Pilgrim Bell
- 1st edition.
- Author: Kaveh Akbar
- Cover artist: Hannah Bagshaw
- Language: English
- Genre: Poetry
- Publisher: Graywolf Press
- Publication date: August 3, 2021
- Publication place: United States
- Pages: 80
- ISBN: 978-1-64445-059-8

= Pilgrim Bell =

2021 poetry collection by Kaveh Akbar

Pilgrim Bell is a 2021 poetry collection by Iranian American poet Kaveh Akbar. It was named a best book of the year by Time, The Guardian, and NPR, and was shortlisted for the 2022 Forward Prize for Best Collection.

==Reception==
Pilgrim Bell is Akbar's second full-length collection, following the critical acclaim of his debut Calling a Wolf a Wolf.

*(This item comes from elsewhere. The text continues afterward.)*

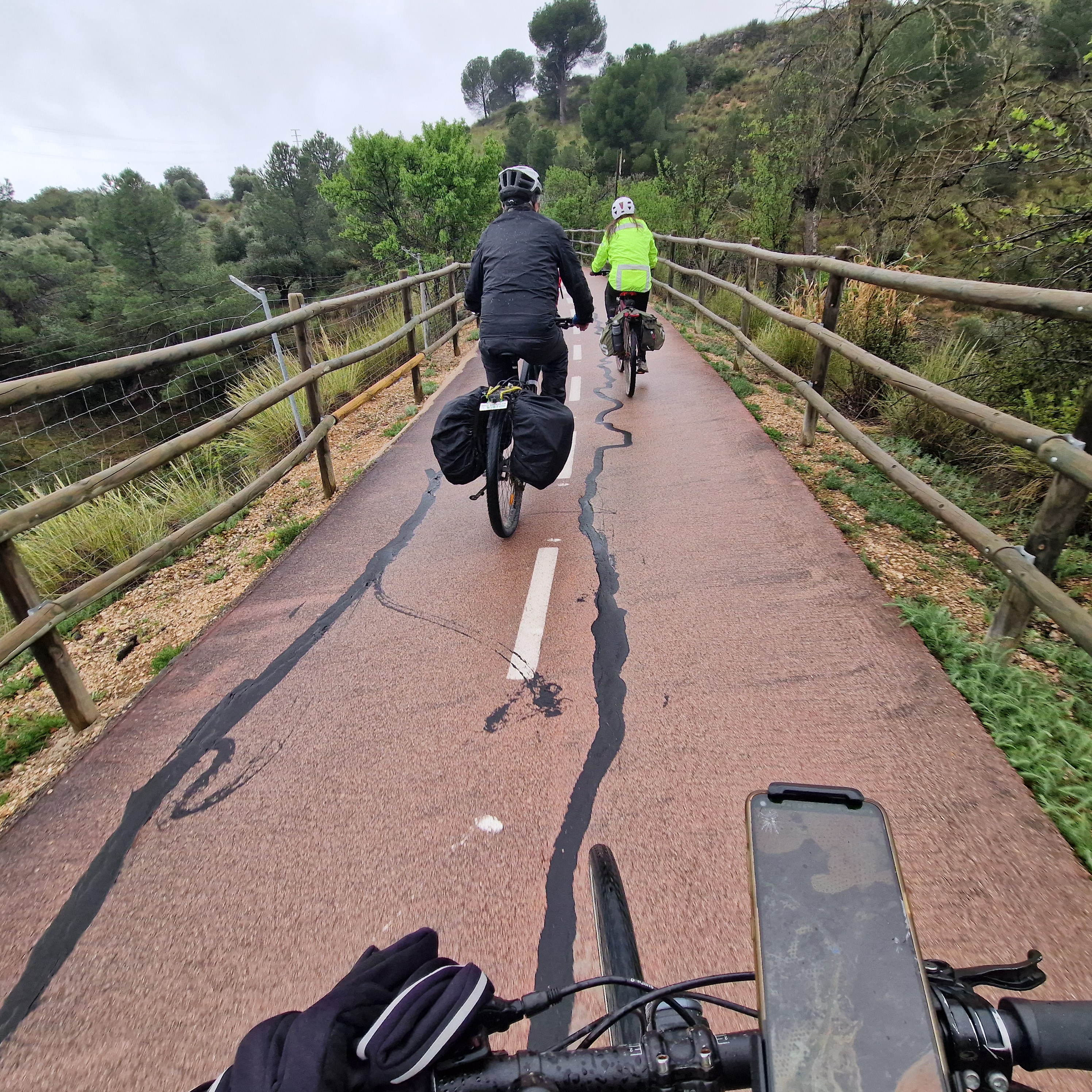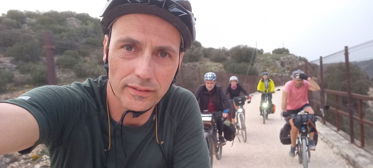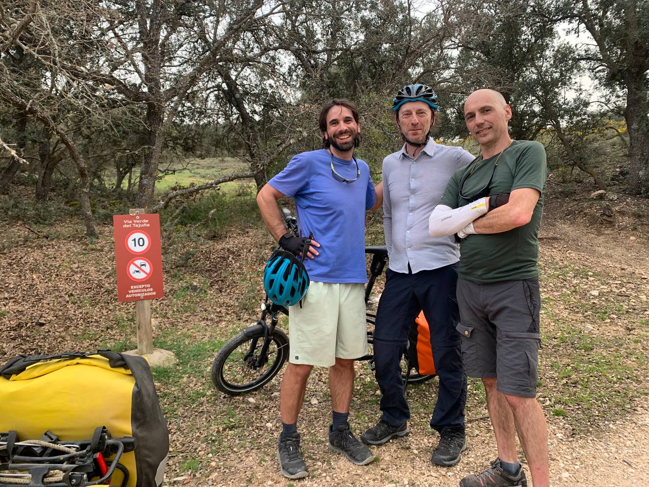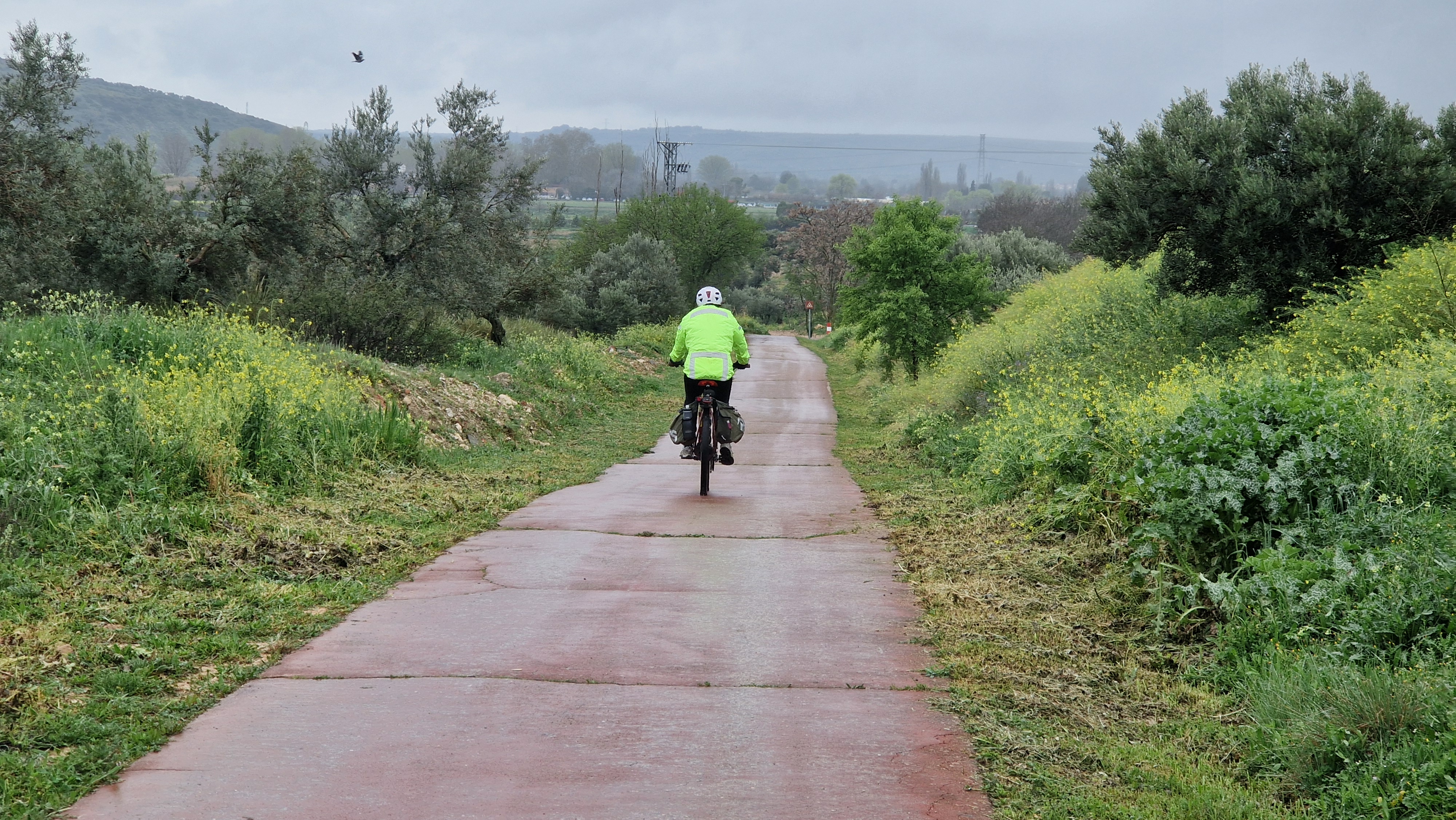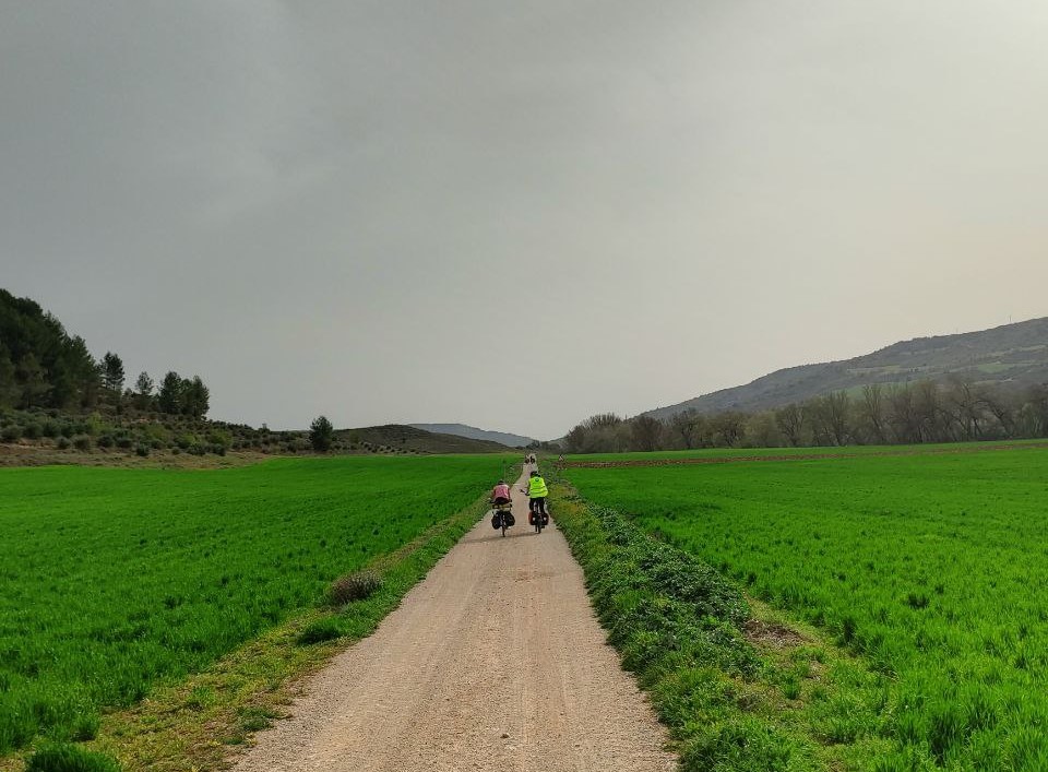 En la maravillosa Mondéjar desayunamos opíparamente. Nuestro destino final, Arganda. A las diez en punto, comenzamos a descender hacia el valle del Tajuña, a ritmo tranquilo, por la casi recién vía verde. Desde Ambite todo será pavimento, que agradecemos después de dos jornadas pedaleando principalmente sobre tierra. Algún que otro chubasco de camino, algún pinchazo, pero nada reseñable en contra de nuestros deseos por llegar en bicicleta al TFM de Arganda. En Tielmes hacemos una parada en el bar de la piscina donde probamos los deliciosos picatostes que allí se acompañan con el café y también, hay algún que otro encuentro de familiares que salen a nuestro paso. Sin parar y sin dejar de ver cada vez más florecillas, rodamos por los toboganes de Perales hasta Morata donde probaremos sus famosísimas palmeras. Después del avituallamiento de palmeras, torrijas y demás, ponemos rumbo a la cementera de Portland, en todo lo alto, en el páramo que nos separa de Arganda. Hace un día gris precioso que contrasta con el verde intenso de los campos de la flamante llegada de la primavera. El descenso hasta Arganda es el premio final a todos nuestros buenos momentos, a esto se suma, la estación de herramientas con ducha de agua incluida para lavar nuestras bicis antes de entrar en el TFM, que ha colocado el Exmo. Ayuntamiento de Arganda en el tramo final de la Vía verde. Muchas gracias.

Pilgrim Bell was published on August 3, 2021 by Graywolf Press.

ZYZZYVA noted that "Kaveh Akbar plays with the spiritual, familial, and corporeal. The poems meditate on the places of our origins; the land from which we came, the people through which we arrived, and the languages we spoke among and after those places and people."

The Times Literary Supplement wrote about it: "The work here is a measured, quiet pondering of intense subjects and subjectivities. But it would be erroneous to mistake this for lack of force. Akbar is simply interrogating his life and his place in the world with greater stillness." A Ploughshares essay called the book "songs of collective personhood—the way our hearts could fit in each other’s chests."

The New Yorker poetry editor Kevin Young wrote that the collection's central poem "The Palace" "defamiliarizes language" and "recalls the epic mode, but also the ars poetica—the poem about making poetry."